Exercise requirements ->
Would you restate the listing word for word, with the images omitted?

========

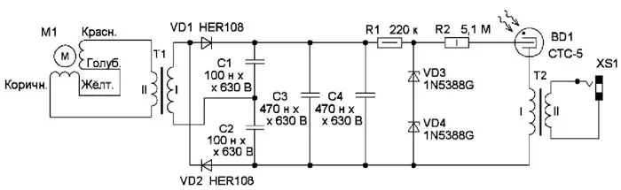 Схема индикатора показана на рис. 1. В качестве электрогенератора использован шаговый электродвигатель WESTON 4SHG-023A 39S 2.3V 1.5E 1.8’/STEP J.D.K 891. Этот электродвигатель имеет две обмотки, которые соединяют последовательно. К электродвигателю подключён трансформатор T1, который повышает напряжение, вырабатываемое генератором, примерно до 150...200 В. Применён понижающий маломощный трансформатор с максимально допустимым током вторичной обмотки 0,3 А, при этом его низкоомная (в обычном случае вторичная) обмотка под ключена к шаговому двигателю, а высокоомная (в обычном случае первичная) обмотка подключена к удвоителю напряжения, который собран на конденсаторах С1, С2 (К73-17) и диодах VD1, VD2. На выходе удвоителя напряжения установлены накопительные конденсаторы С3, C4 (К73-11). Напряжение с этих конденсаторов поступает на параметрический стабилизатор напряжения R1VD3VD4, который предотвращает появление на счётчике Гейгера напряжения выше 400 В даже при быстром вращении вала генератора. От этого стабилизатора через резистор R2 (МЛТ) осуществляется питание счётчика Гейгера BD1 (СТС-5).
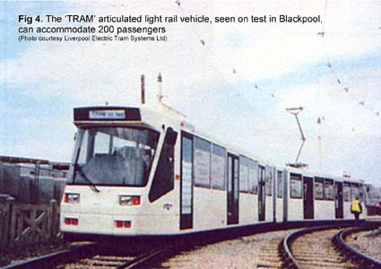 The 'TRAM' articulated light rail vehicle, seen on test in Blackpool, can accommodate 200 passengers. (Photo courtesy Liverpool Electric Tram Systems Ltd).
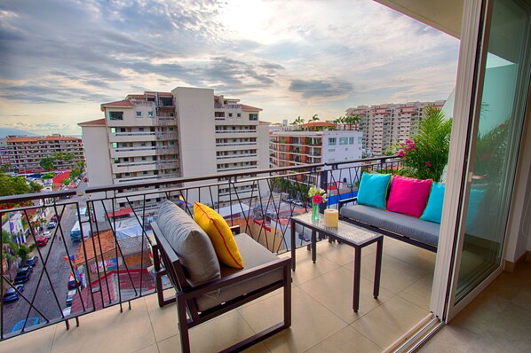 Apropos Balkon ... es ist riesig! Es umschließt die gesamte Einheit und verfügt über drei separate Sitzbereiche, um das üppige Grün, den Meerblick und die Action auf den kopfsteingepflasterten Straßen zu genießen.
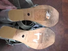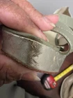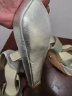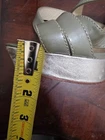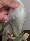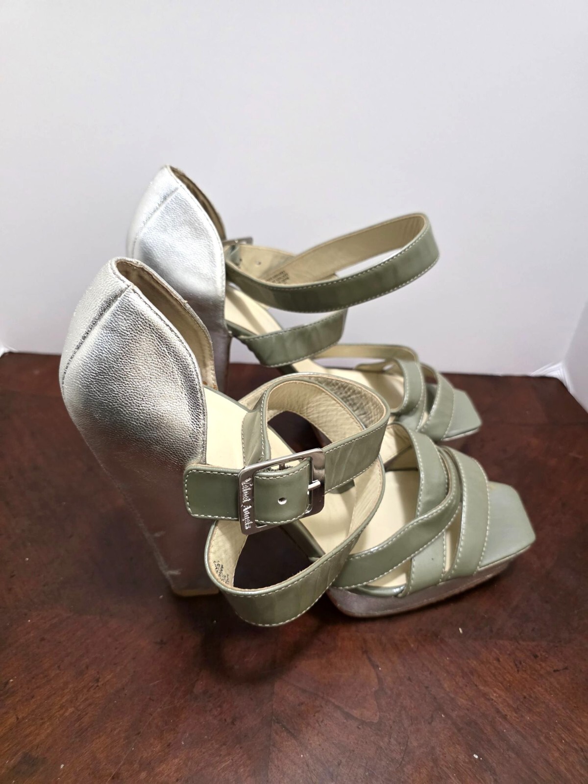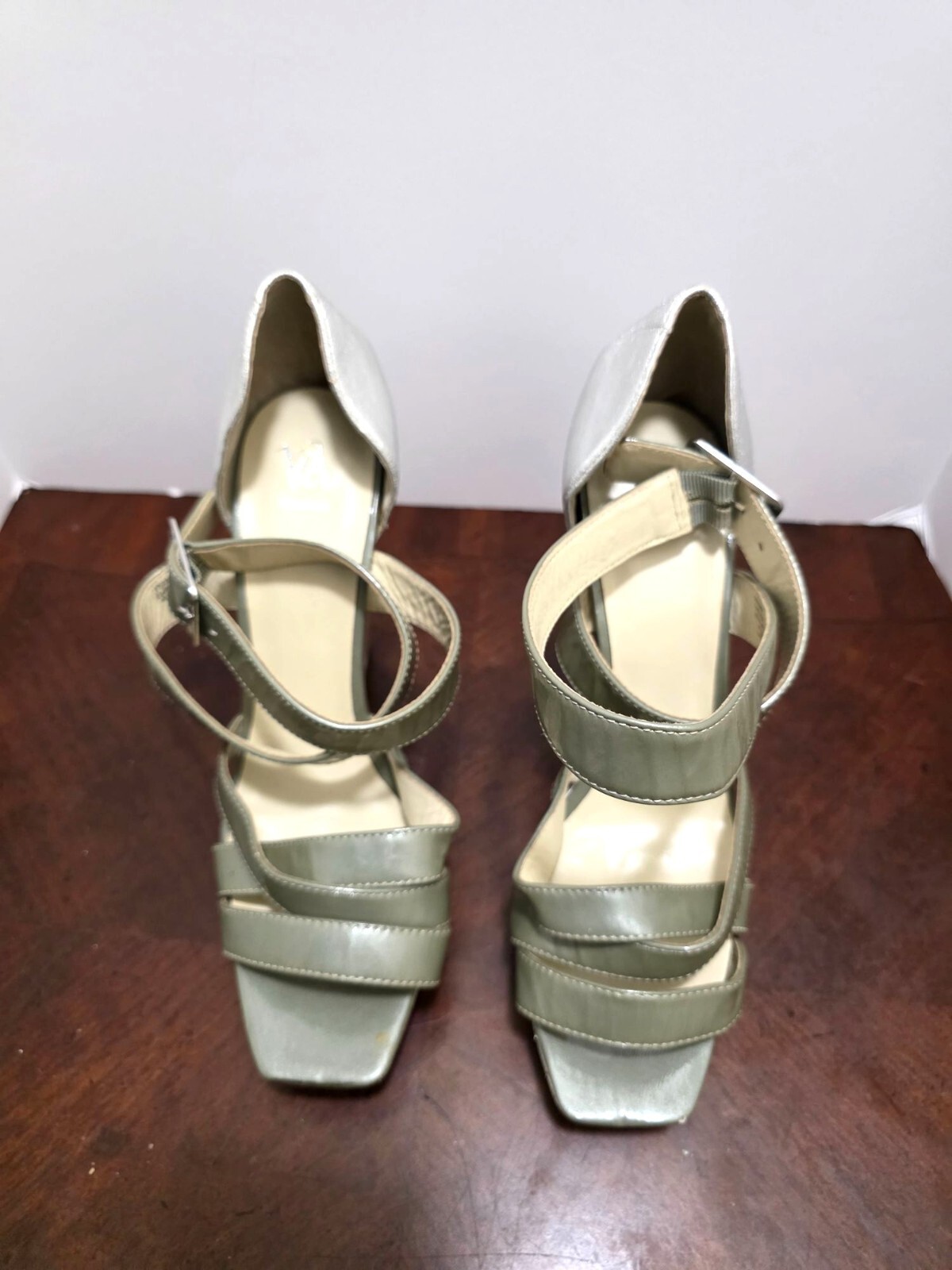Elegant high heel sandals featuring a metallic silver and olive green design, durable straps, and a secure buckle closure. Ideal for stylish occasions. • Adjustable buckle strap for a personalized fit • Square toe design for added comfort • Metallic accents for a modern look • Durable high heels for stability • Lightly cushioned insole for support Heel height 5 inches CONDITIONS pre owned, Minor scuffs on soles; adhesive residue visible, good conditions. see photos for flaws details.
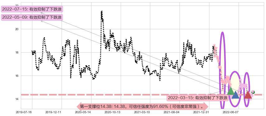 ♘ 支撑价格位14.38,可信任强度91.60%,距离最后交易2022-08-12形成的收盘价格14.60相差 -1.54%
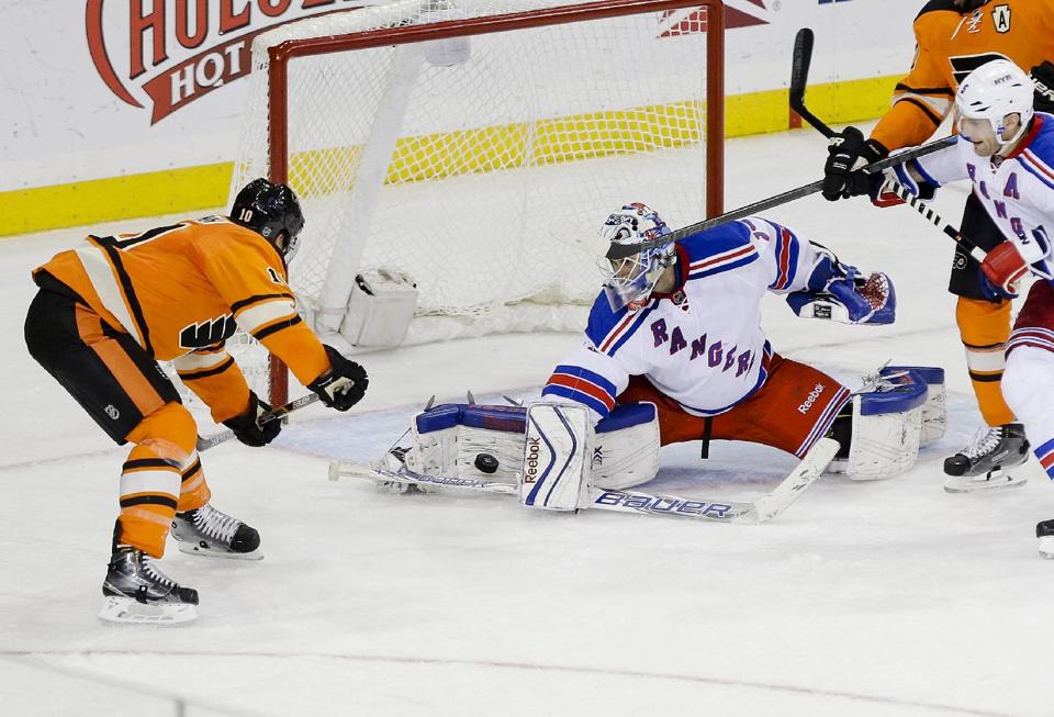 Cam Talbot denies Braydon Schenn. He finished with 31 saves in the Rangers’ 2-0 shutout over the Flyers.
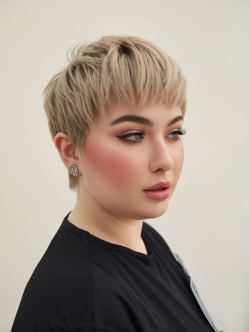 This ultra short pixie features soft, feathered layers that add volume and movement. The light blonde shade gives it a modern and flattering touch, making it ideal for round faces. A chic and effortless choice for those looking for a stylish, short tomboy cut.

========

Exercise output ->
 Схема индикатора показана на рис. 1. В качестве электрогенератора использован шаговый электродвигатель WESTON 4SHG-023A 39S 2.3V 1.5E 1.8’/STEP J.D.K 891. Этот электродвигатель имеет две обмотки, которые соединяют последовательно. К электродвигателю подключён трансформатор T1, который повышает напряжение, вырабатываемое генератором, примерно до 150...200 В. Применён понижающий маломощный трансформатор с максимально допустимым током вторичной обмотки 0,3 А, при этом его низкоомная (в обычном случае вторичная) обмотка под ключена к шаговому двигателю, а высокоомная (в обычном случае первичная) обмотка подключена к удвоителю напряжения, который собран на конденсаторах С1, С2 (К73-17) и диодах VD1, VD2. На выходе удвоителя напряжения установлены накопительные конденсаторы С3, C4 (К73-11). Напряжение с этих конденсаторов поступает на параметрический стабилизатор напряжения R1VD3VD4, который предотвращает появление на счётчике Гейгера напряжения выше 400 В даже при быстром вращении вала генератора. От этого стабилизатора через резистор R2 (МЛТ) осуществляется питание счётчика Гейгера BD1 (СТС-5).
 The 'TRAM' articulated light rail vehicle, seen on test in Blackpool, can accommodate 200 passengers. (Photo courtesy Liverpool Electric Tram Systems Ltd).
 Apropos Balkon ... es ist riesig! Es umschließt die gesamte Einheit und verfügt über drei separate Sitzbereiche, um das üppige Grün, den Meerblick und die Action auf den kopfsteingepflasterten Straßen zu genießen.
Elegant high heel sandals featuring a metallic silver and olive green design, durable straps, and a secure buckle closure. Ideal for stylish occasions. • Adjustable buckle strap for a personalized fit • Square toe design for added comfort • Metallic accents for a modern look • Durable high heels for stability • Lightly cushioned insole for support Heel height 5 inches CONDITIONS pre owned, Minor scuffs on soles; adhesive residue visible, good conditions. see photos for flaws details.
 ♘ 支撑价格位14.38,可信任强度91.60%,距离最后交易2022-08-12形成的收盘价格14.60相差 -1.54%
 Cam Talbot denies Braydon Schenn. He finished with 31 saves in the Rangers’ 2-0 shutout over the Flyers.
 This ultra short pixie features soft, feathered layers that add volume and movement. The light blonde shade gives it a modern and flattering touch, making it ideal for round faces. A chic and effortless choice for those looking for a stylish, short tomboy cut.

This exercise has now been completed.